Material for this exercise:
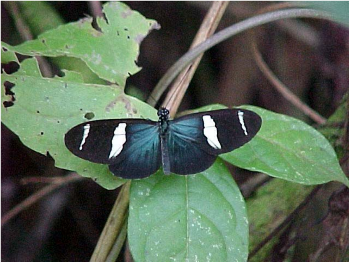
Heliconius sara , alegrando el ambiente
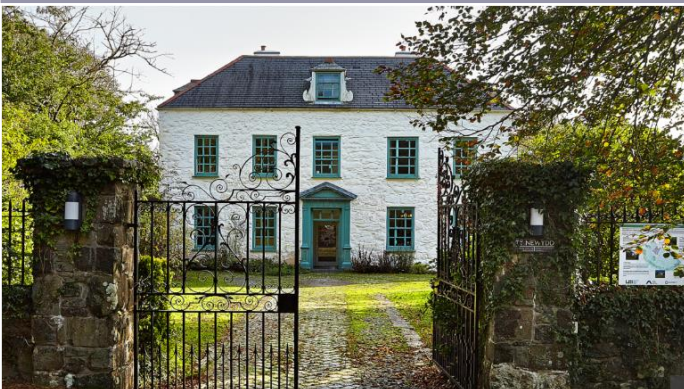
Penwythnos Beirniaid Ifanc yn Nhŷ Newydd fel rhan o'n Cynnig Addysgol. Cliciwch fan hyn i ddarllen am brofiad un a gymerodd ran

...

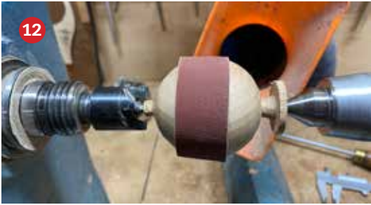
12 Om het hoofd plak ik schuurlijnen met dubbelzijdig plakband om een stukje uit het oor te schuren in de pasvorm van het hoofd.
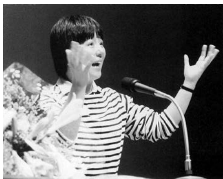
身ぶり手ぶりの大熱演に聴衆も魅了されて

Your goal: Word for word, repeat the lines above from the one with "Heliconius sara , alegrando el ambiente" through the one with "Penwythnos Beirniaid Ifanc", and nothing beyond them. Omit the pictures.

Answer to this exercise:
Heliconius sara , alegrando el ambiente
Penwythnos Beirniaid Ifanc yn Nhŷ Newydd fel rhan o'n Cynnig Addysgol. Cliciwch fan hyn i ddarllen am brofiad un a gymerodd ran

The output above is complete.